By Jake SpringThe Daily Northwestern
For the 35 people camped in tents outside the Best Buy at 2301 Howard St., freezing temperatures, a 48-hour wait and $600 were a small price to pay for a shot at video game bliss.
Campers began assembling outside the store at 11:30 a.m. Wednesday in anticipation of the release of Sony’s Playstation 3 video game system.
The shoppers hoped to get their hands on one of at least 26 PS3s that would go on sale at 8 a.m. Friday, said Richard Leconte, a 28-year-old in Loss Prevention at Best Buy.
“On top of ruining our sleep schedules, we’re going to be eating the worst food,” said Raj Darji, a 27-year-old electrical engineer. “But it’s all going to be worth it.”
Darji was the first to arrive on Wednesday and was camping with three friends, all expecting to buy a PS3.
The group of four sat around a propane heater, explaining how they were sustaining themselves on food brought by their mothers and from the nearby McDonald’s and Jewel-Osco. Darji enjoyed the nostalgic feeling of waiting for the release, he said.
“We used to game a lot in high school,” he said. “This brings us back to our youthful years where things didn’t matter.”
The release was so highly anticipated that many people had already stocked up on games, controllers and other accessories. Arnell Newman, the 30th person in line, already had bought his copy of Madden NFL 07, he said.
“When we got here, we were quite surprised (that) there have been guys here since yesterday, ” he said.

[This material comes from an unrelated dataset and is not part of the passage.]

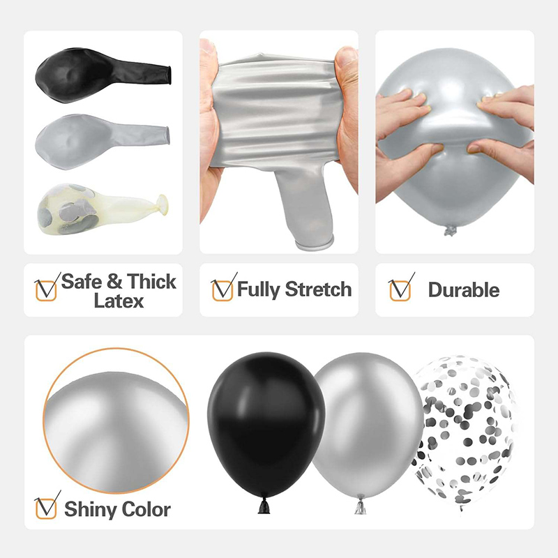 Ang mga dekorasyon ng fashion black at pilak na balloon kits ay madalas na gumagamit ng mga losa ng latex. Mayroon silang iba't ibang laki. Ang mga kulay ay matte itim at metal na pilak. Mayroon silang malinaw na mga layer at magandang pagtutugma na lumiwanag. Ang buong hitsura ay puno at tatlong-dimensional. Ang mahusay na kalidad ng latex ay ginagawang mabaluktot at makinis ang mga lobo. Hindi sila madaling sumabog. Kahit na matagal nang nakalagay, nananatili silang buo at bilog. Hindi sila tumagas ng hangin o madali ang pagkawala ng kulay. Ang ilang mga set ay mayroon ding mga foil balloon. Ang mga ito ay nagdaragdag ng isang mapanimdim na hitsura. Ginagawa nilang mas makintab ang buong dekorasyon at may magandang pakiramdam. Nagpapakita sila ng isang magarbong modernong istilo.

Newman, a 32-year-old recording engineer, was confident he would get a PS3 despite his precarious position near the back of the line.
Store employees said they could only guarantee 26 units, but the general manager had told those waiting that there would be at least 30, he said.
They would know for sure only when the shipment arrived the next morning, said Alex Jasso, a 25-year-old Best Buy customer assistant.
Although some felt a competitive tension building over who would get a PS3, six strangers had met at the back of the line and decided to pool their resources.
“(We were) strangers to one another when we got here,” said Newman. “One guy purchased the tent. I bought the heater.”
The campers had at least one brush with the law during their overnight stay. After the police heard that some of the shoppers were using illegal drugs, they decided to pay an early morning visit to the store, Darji said.
“They woke us up at 4 a.m.,” he said. “They made us all come out of our tents and peeked in.”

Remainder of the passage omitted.